### Assignment
Please write out, exactly as given, every line of the entries below up to and including the line with "今日のお給食は「ご飯」「みそ".

(Stored entries)
════════
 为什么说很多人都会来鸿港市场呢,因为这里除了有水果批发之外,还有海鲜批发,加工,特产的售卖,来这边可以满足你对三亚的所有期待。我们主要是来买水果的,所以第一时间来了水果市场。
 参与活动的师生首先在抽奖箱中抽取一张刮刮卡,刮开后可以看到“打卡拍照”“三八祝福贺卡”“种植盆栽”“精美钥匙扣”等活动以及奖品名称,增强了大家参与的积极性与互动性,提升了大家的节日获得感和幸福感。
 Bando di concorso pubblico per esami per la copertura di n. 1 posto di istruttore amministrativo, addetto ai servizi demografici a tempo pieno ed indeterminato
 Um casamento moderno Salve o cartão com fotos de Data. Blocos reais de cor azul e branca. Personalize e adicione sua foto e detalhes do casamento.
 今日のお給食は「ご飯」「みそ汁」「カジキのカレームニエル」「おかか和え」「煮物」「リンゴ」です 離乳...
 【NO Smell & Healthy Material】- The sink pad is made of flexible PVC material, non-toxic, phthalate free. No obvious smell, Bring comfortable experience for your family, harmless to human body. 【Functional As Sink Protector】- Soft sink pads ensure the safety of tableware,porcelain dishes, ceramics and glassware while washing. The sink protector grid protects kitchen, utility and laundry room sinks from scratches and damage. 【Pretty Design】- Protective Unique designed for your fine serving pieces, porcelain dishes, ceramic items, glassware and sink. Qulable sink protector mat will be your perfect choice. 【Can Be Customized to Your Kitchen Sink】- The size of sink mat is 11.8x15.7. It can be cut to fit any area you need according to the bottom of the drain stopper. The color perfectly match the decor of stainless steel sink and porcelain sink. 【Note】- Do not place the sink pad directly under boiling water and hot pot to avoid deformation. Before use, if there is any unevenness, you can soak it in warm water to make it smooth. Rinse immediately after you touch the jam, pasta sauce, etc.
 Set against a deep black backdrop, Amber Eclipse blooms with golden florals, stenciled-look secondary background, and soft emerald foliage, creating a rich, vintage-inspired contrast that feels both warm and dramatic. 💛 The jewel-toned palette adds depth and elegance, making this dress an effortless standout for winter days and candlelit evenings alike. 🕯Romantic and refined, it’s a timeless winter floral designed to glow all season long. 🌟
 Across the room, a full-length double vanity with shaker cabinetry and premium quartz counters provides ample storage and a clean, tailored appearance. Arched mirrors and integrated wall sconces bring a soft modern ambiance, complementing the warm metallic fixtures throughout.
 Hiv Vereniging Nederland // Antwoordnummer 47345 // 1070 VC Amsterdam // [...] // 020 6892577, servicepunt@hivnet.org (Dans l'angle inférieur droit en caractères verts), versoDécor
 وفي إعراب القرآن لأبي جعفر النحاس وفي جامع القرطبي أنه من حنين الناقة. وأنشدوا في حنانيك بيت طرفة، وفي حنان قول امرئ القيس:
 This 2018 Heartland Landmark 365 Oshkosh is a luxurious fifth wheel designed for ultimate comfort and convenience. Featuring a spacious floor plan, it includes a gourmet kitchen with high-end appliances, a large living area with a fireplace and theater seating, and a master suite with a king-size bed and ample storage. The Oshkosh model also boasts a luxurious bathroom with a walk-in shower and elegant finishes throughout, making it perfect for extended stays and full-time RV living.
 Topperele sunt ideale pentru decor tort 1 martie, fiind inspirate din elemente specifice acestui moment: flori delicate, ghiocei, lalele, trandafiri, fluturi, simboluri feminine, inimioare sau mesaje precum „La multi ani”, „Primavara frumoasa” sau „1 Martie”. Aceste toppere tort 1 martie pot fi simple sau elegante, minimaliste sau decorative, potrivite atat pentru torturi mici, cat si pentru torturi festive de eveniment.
════════
### Solution to the exercise
 为什么说很多人都会来鸿港市场呢,因为这里除了有水果批发之外,还有海鲜批发,加工,特产的售卖,来这边可以满足你对三亚的所有期待。我们主要是来买水果的,所以第一时间来了水果市场。
 参与活动的师生首先在抽奖箱中抽取一张刮刮卡,刮开后可以看到“打卡拍照”“三八祝福贺卡”“种植盆栽”“精美钥匙扣”等活动以及奖品名称,增强了大家参与的积极性与互动性,提升了大家的节日获得感和幸福感。
 Bando di concorso pubblico per esami per la copertura di n. 1 posto di istruttore amministrativo, addetto ai servizi demografici a tempo pieno ed indeterminato
 Um casamento moderno Salve o cartão com fotos de Data. Blocos reais de cor azul e branca. Personalize e adicione sua foto e detalhes do casamento.
 今日のお給食は「ご飯」「みそ汁」「カジキのカレームニエル」「おかか和え」「煮物」「リンゴ」です 離乳...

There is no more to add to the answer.